In a war for the control of India’s billion-plus mobile-services market, tycoon Sunil Mittal seems to be floundering in the face of a juggernaut unleashed by Mukesh Ambani.
For at least a fourth quarter in a row, Mittal’s Bharti Airtel Ltd. shored up its profits with one-time gains, masking headwinds posed by upstart Reliance Jio Infocomm Ltd. Jio’s roll-out, after its 2016 debut, has knocked Airtel from its perch in a consolidation that shrank the industry to three players from about a dozen four years ago.
Airtel is struggling to add subscribers in a saturated market after Jio managed to lure more than 300 million users over the past three years -- a quarter of the world’s second-largest market. The aggressive expansion of Jio with free calls and cheaper data, backed by the deep pockets of Asia’s richest man, was bad news for highly indebted incumbents engaged in a tariff war that had pushed call rates to less than a cent.
Shriveling earnings portend further trouble for Airtel. Already saddled with more than $17 billion of debt -- the highest among Asian peers -- it is also preparing to spend billions more on 5G airwaves at a government auction in coming months. Adding to its woes, Moody’s Investors Service cut its rating to junk earlier this year.
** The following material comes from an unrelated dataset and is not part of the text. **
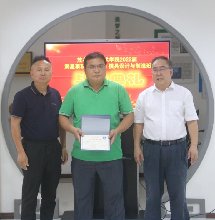 在毕业典礼上,张庆对全体学员经过自己的不懈努力完成了全部学业,并按时取得毕业证书表示祝贺,对公司领导关心支持学员的学习表示感谢。张庆指出,产教融合、校企合作是职业教育的主要办学模式和重要教育教学手段,是培养社会适应性人才的重要途径。润星泰作为铝合金铸造产业的民族龙头企业,与学院共同开展模具设计与制造现代学徒制人才培养意义重大。两年来,我校派出最强的师资团队与润星泰的师傅们一起,研讨修订人才培养方案,改革完善教学内容,开展针对性教学改革,为培养高质量模具人才做出了应有的努力。张庆寄语毕业班学员要谨记修德、强技、求实、创新的校训,常怀感恩之心,强化自律与责任,在工作中勇挑重担,发扬劳动精神、劳模精神、工匠精神,在润星泰这个大平台不断发光发热,为企业做出应有的贡献。同时也衷心希望校友们常回母校看看。任怀德衷心感谢茂职院对企业的信任和支持,感谢学院领导、老师对企业员工用心用情的培养和辛勤付出,祝贺员工在完成公司的工作任务后经过自己的努力顺利拿到毕业证书,希望以此为契机和新的起点,继续努力不停步,学以致用,为公司作出更大的贡献。最后,张庆和任怀德一起为毕业生颁发毕业证书,共同祝愿校友们百尺竿头更进一步!

The New Delhi-based company is counting on some asset sales, a rights issue and an initial public offering in London of its Africa unit to bolster its finances.
What Bloomberg Intelligence Says
“Airtel’s profit will suffer until Jio is ready to raise prices. It is hard to say when, but Jio may remain aggressive until it achieves the No. 1 spot in mobile revenue. In the meantime, Airtel is trying to weather through by preserving margin at the sacrifice of subscriber loss, divesting assets to ease debt burden, and raising equity to avoid a credit downgrade.”
--Anthea Lai, telecom industry analyst
Airtel said in an exchange filing Monday that a one-time net gain of Rs 20.2 billion ($291 million) on account of a credit related to “re-assessment of levies” boosted its net income to Rs 1.1 billion for the quarter through March. Analysts had predicted a loss of Rs 9.66 billion.
Although revenue rose 6 per cent to Rs 206 billion in the period, data provided by the Telecom Regulatory Authority of India show Airtel added a net 53,493 subscribers in the first two months of the year, compared with Jio’s 17.1 million. While Airtel didn’t provide user addition data for the quarter, Jio reported an increase of 26.6 million.
Shares of Airtel have advanced 17 per cent this year, compared with a 7.6 percent gain in the benchmark S&P BSE Sensex index.
In an interview with BloombergQuint earlier this year at the World Economic Forum in Davos, Mittal described conditions in India’s hyper-competitive telecommunications market as “dreadful,” predicting a possible turning point this year. “This will be the year of perhaps hemorrhaging stopping,” he said.
Airtel slipped to No. 2 in the industry last year after Idea Cellular Ltd. and the local unit of Vodafone Group Plc closed their merger to become India’s largest operator by subscribers.
In February, Airtel unveiled plans to raise as much as Rs 320 billion for a war chest to take on Jio as well as to prepare for the 5G auction. Of that, Rs 250 billion will be from a rights issue due to close May 17 at Rs 220 per share, and the rest from the sale of perpetual bonds with equity credit. Vodafone Idea proposes to raise Rs 250 billion from a rights issue.